→ **Supplied information**
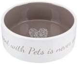 Time spent with pets is never wasted.” If you agree with this expression, the Trixie Pet’s Home Bowl is the right one for you and your dog. This ceramic bowl offers an attractive design with complementary colours. The outside is decorated with the motif, “Time spent with pets is never wasted” and you will find a cute heart made up of paws on the inside. This dog bowl is heavyweight which makes it very stable. The high rim prevents food or water for going all over the place. This bowl is hygienic thanks to the ceramic material. Its surface is smooth and non-porous. No left-over food can go off in the corners thanks to the rounded shape. When the bowl needs a more thorough clean, simply pop it in the dishwasher. Trixie Pet’s Home Ceramic Bowl at a glance: Charming food bowl for dogs Hygienic and easy to clean: rounded shape, smooth, non-porous surface Very stable: being heavyweight makes this bowl sturdy Attractive design: complementary colours, cute paw heart design inside, motif “Time spent with pets is never wasted” on the outside High rim: ensures that less food and water get spilt Material: ceramic Measurements: 12 cm diameter or 16 cm diameter Volume: 300 ml or 800 ml Colour: white/taupe Care instructions: dishwasher-safe
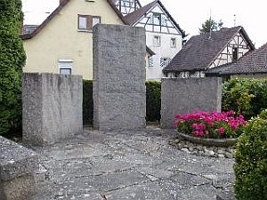 (1. Weltkrieg) bei der Kirche. Drei grob behauene Steinplatten im Einfahrtsbereich zur Altstadt.
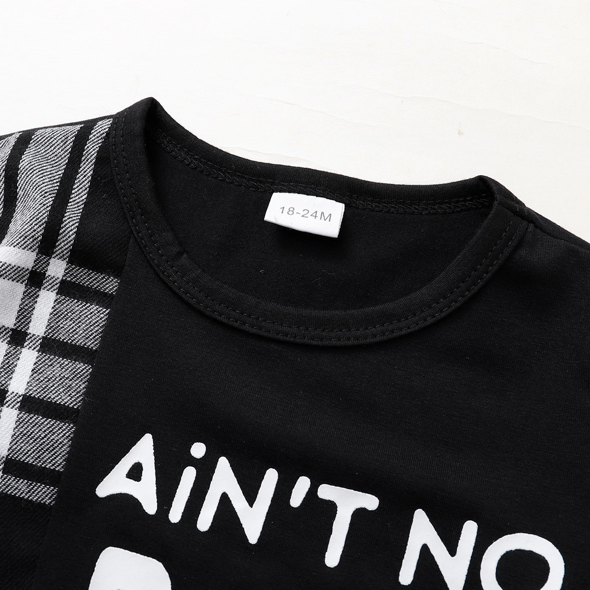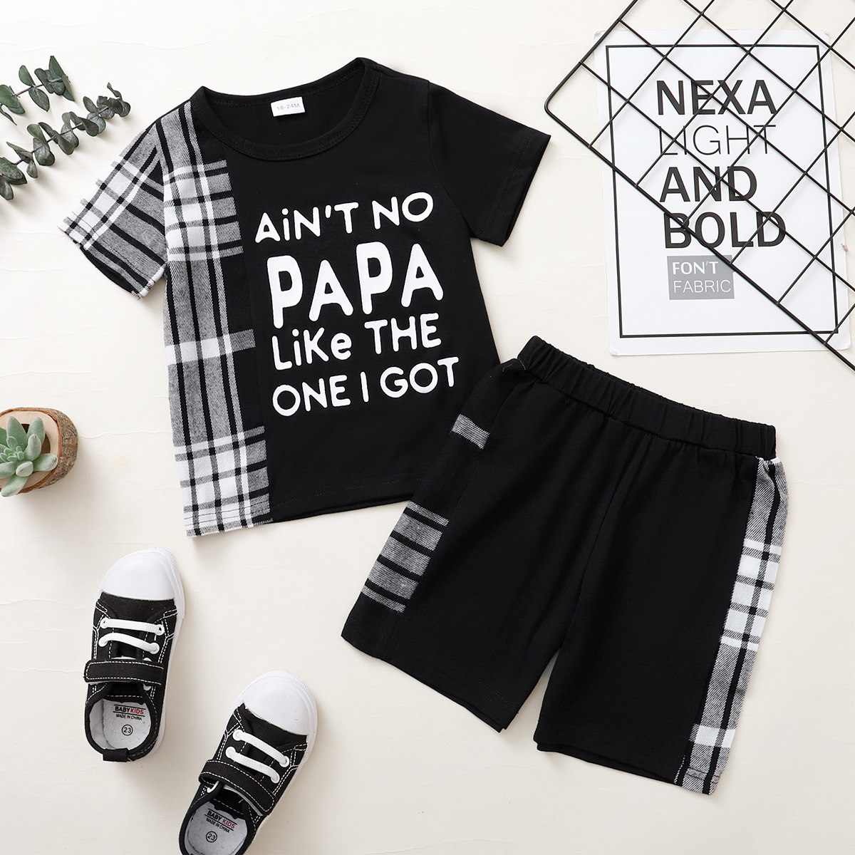 Toddler Boy Letter Plaid Patchwork Top & Shorts Wholesale
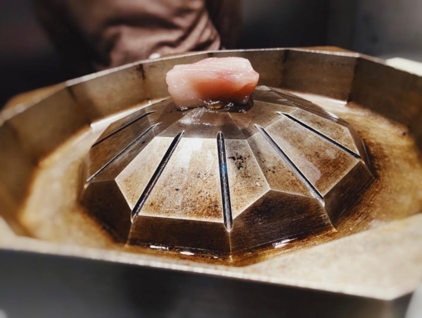この幻の『尾崎牛』の魅力を最大化するのが専用のワギュジスカン鍋、お肉だけではなく一緒に焼く野菜などの潜在能力を最大限に引き出します。航空宇宙関連機器を手掛ける由紀精密(神奈川県)とコラボし、3D設計を施し精密切削技術で仕上げた、世界初の「ワギュジスカン専用鍋」になります。
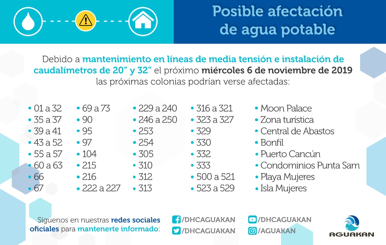Por lo anterior, podría experimentarse falta de agua en las supermanzanas 01 a 32, 35 a 37, 39 a 41, 43 a 52, 55 a 57, 60 a 63, 66, 67, 69 a 73, 90, 95, 97, 104, 215, 216, 222 a 227, 229 a 240, 246 a 250, 253, 254, 305, 310, 312, 313, 316 a 321, 323 a 327, 329, 330, 332, 333, 500 a 521, 523 a 529, Moon Palace, Zona turística, Central de Abastos, Alfredo Bonfil, Puerto Cancún, Condominios Punta Sam, Playa Mujeres e Isla Mujeres.
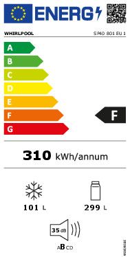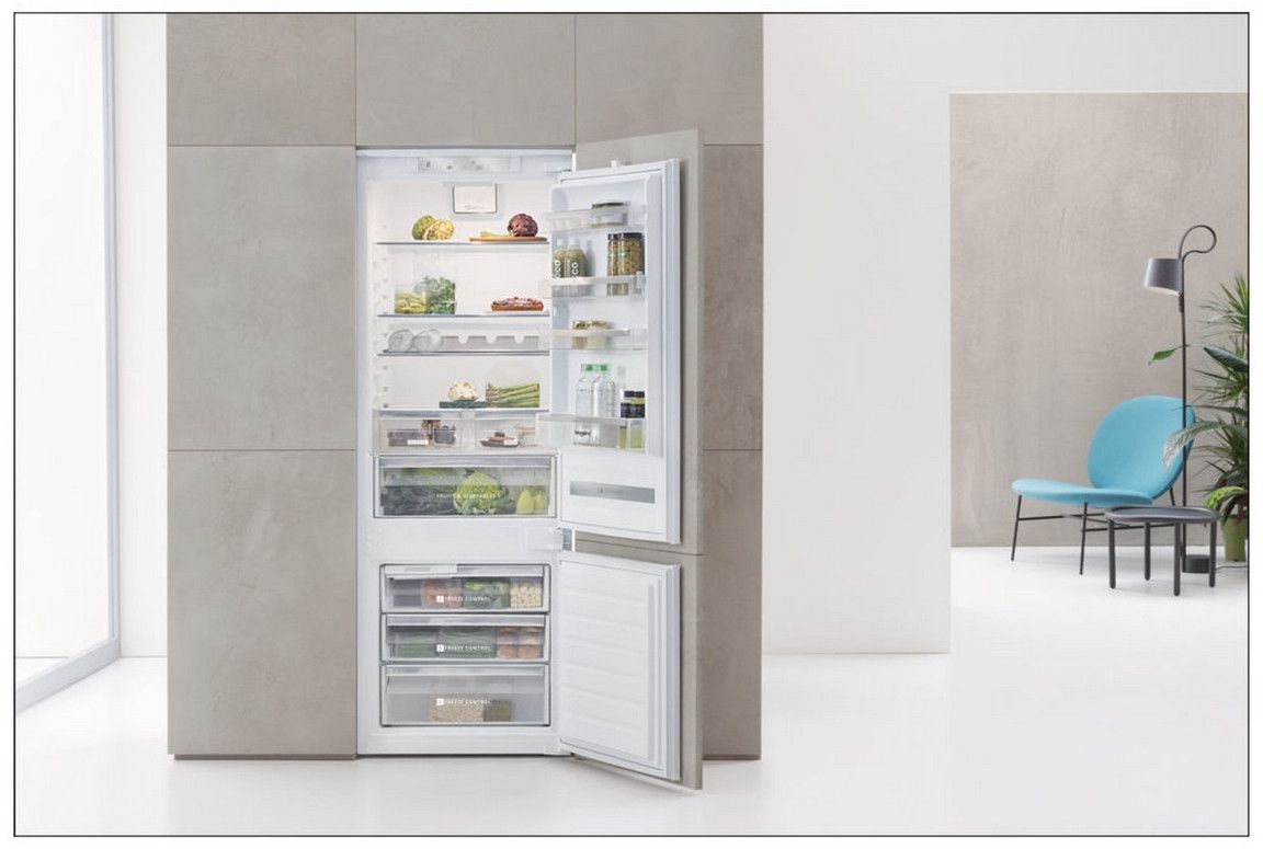 Vestavná kombinovaná chladnička s energetickou třídou B o celkovém užitném objemu 400 l. Objem chladničky 299 l a objem mrazničky 101 l.
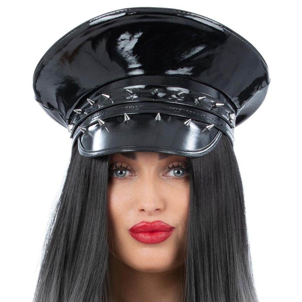 Sæt stilen med en sort kaptajnshat som udstråler attitude. Denne festivalhat er en smart hat med nitter og blank finish som tiltrækker blikke uanset om du står på scenen eller danser foran den.
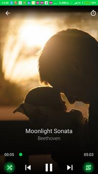 The app has timer, you can set it and go to sleep, the music will be stopped automatically. The app has shuffle mode to play music in random order and repeat mode to play the same song again automatically.
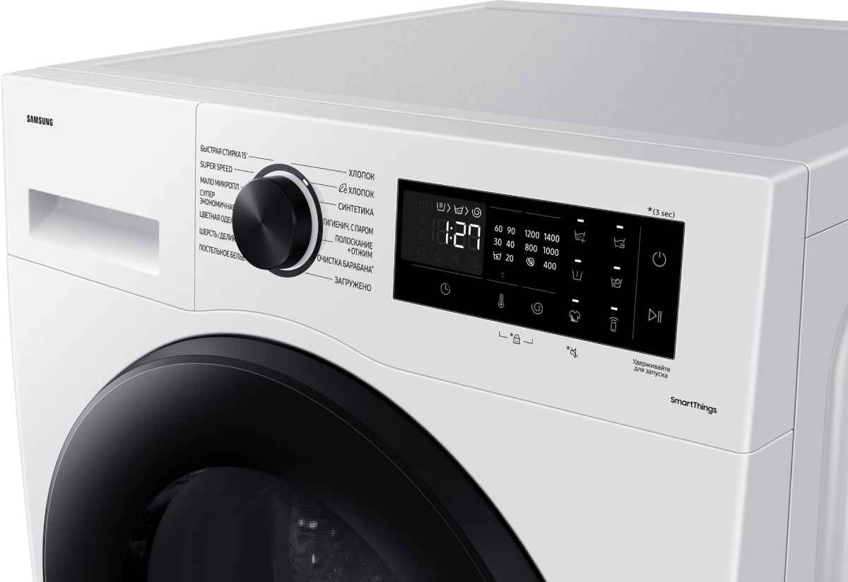 Стиральная машина Самсунг WW11CGC04CAELP выпущена в стандартной конфигурации — устанавливается отдельно, поэтому рекомендуем заранее выделить для нее место в квартире. Благодаря классической фронтальной загрузке она привычна и удобна даже для тех, кто не очень разбирается в технике. В барабан помещается большое количество белья, что подойдет большим семьям или тем, кто часто стирает объемные вещи — постельное белье, верхнюю одежду. Максимальная загрузка: 11 кг.
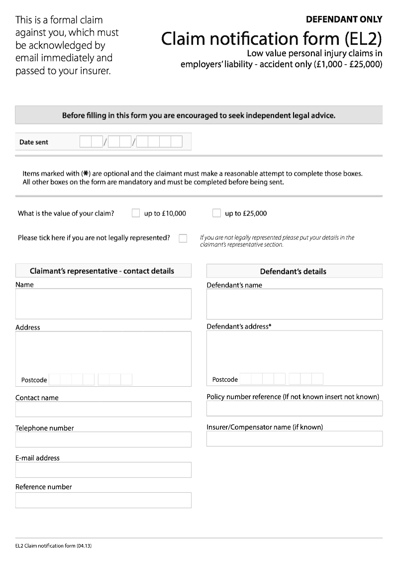 EL2 Claim notification form (EL2) Low value personal injury claims in
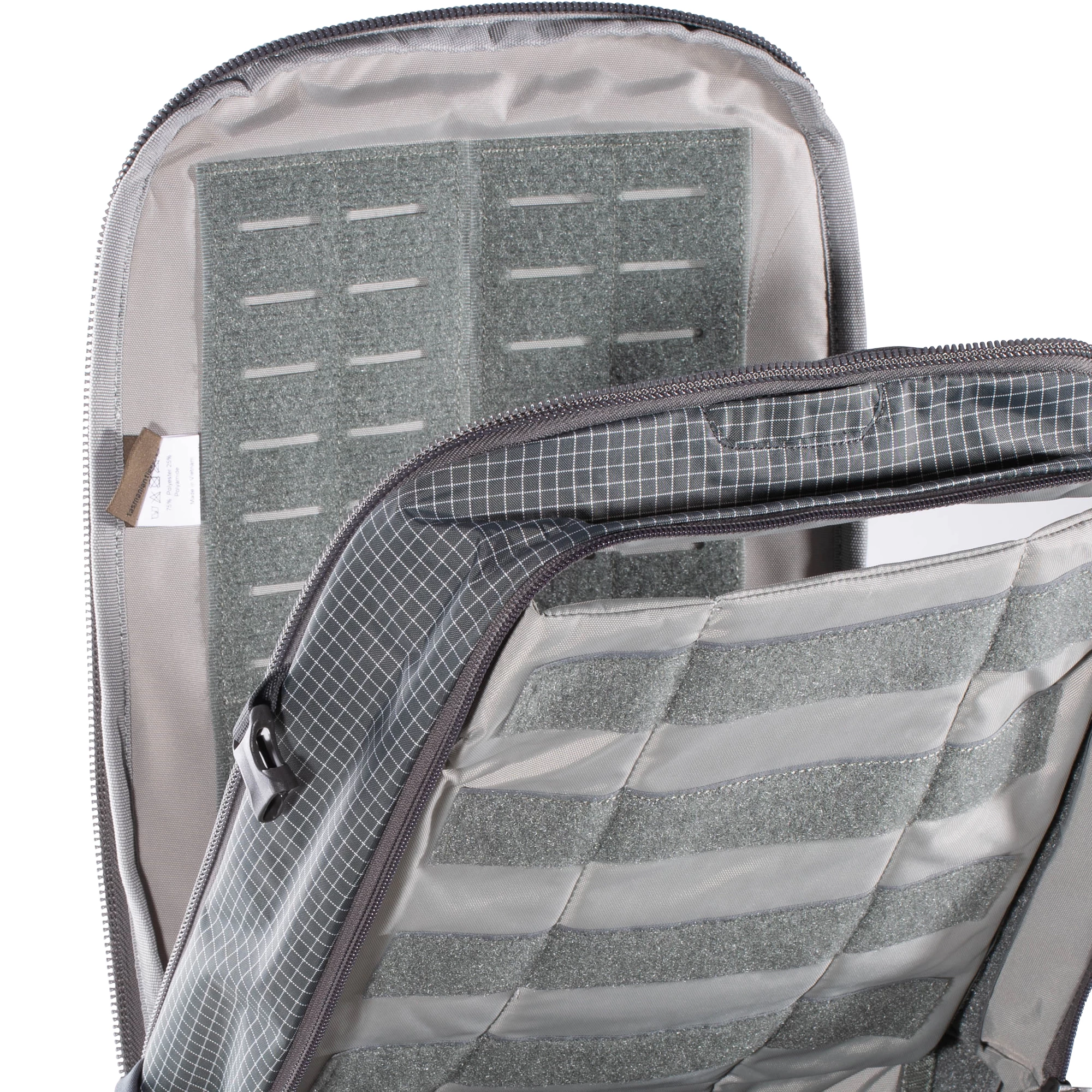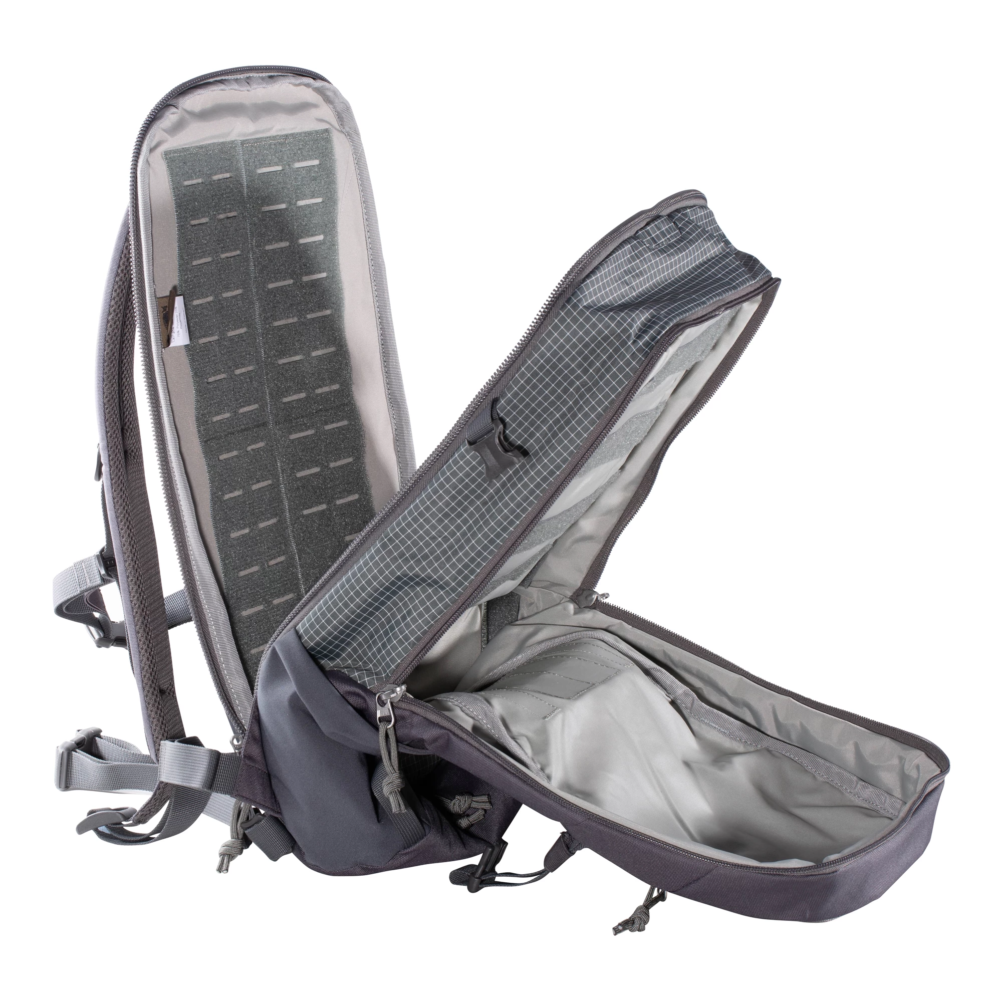 Der Tasmanian Tiger Rucksack City Daypack 20 titan grau ist ein unauffälliger Tagesrucksack und eignet sich daher optimal für Undercover-Einsätze und für ziviles Tragen. Er verfügt über die für Tasmanian Tiger bekannte taktische Innenaufteilung, wirkt aber durch den neutralen Tatonka-Schriftzug dezent. Er verfügt über ein Hauptfach und ein separates Waffenfach, bei welchem die Reißverschlussanhänger für besseres Handling verlängert wurden. Die untere Fronttasche lässt sich einklappen und ermöglicht die Nutzung der dann sichtbaren Klettpatchflächen für Einsatzkräfte. In den elastischen Seitentaschen lassen sich z.B. Trinkflaschen gut unterbringen.

→ **Assignment**
Give back the lines word for word, from the very first in the material above to the one that has "この幻の『尾崎牛』の魅力を最", both included, without the pictures.

→ **Answer for this exercise**
 Time spent with pets is never wasted.” If you agree with this expression, the Trixie Pet’s Home Bowl is the right one for you and your dog. This ceramic bowl offers an attractive design with complementary colours. The outside is decorated with the motif, “Time spent with pets is never wasted” and you will find a cute heart made up of paws on the inside. This dog bowl is heavyweight which makes it very stable. The high rim prevents food or water for going all over the place. This bowl is hygienic thanks to the ceramic material. Its surface is smooth and non-porous. No left-over food can go off in the corners thanks to the rounded shape. When the bowl needs a more thorough clean, simply pop it in the dishwasher. Trixie Pet’s Home Ceramic Bowl at a glance: Charming food bowl for dogs Hygienic and easy to clean: rounded shape, smooth, non-porous surface Very stable: being heavyweight makes this bowl sturdy Attractive design: complementary colours, cute paw heart design inside, motif “Time spent with pets is never wasted” on the outside High rim: ensures that less food and water get spilt Material: ceramic Measurements: 12 cm diameter or 16 cm diameter Volume: 300 ml or 800 ml Colour: white/taupe Care instructions: dishwasher-safe
 (1. Weltkrieg) bei der Kirche. Drei grob behauene Steinplatten im Einfahrtsbereich zur Altstadt.
 Toddler Boy Letter Plaid Patchwork Top & Shorts Wholesale
この幻の『尾崎牛』の魅力を最大化するのが専用のワギュジスカン鍋、お肉だけではなく一緒に焼く野菜などの潜在能力を最大限に引き出します。航空宇宙関連機器を手掛ける由紀精密(神奈川県)とコラボし、3D設計を施し精密切削技術で仕上げた、世界初の「ワギュジスカン専用鍋」になります。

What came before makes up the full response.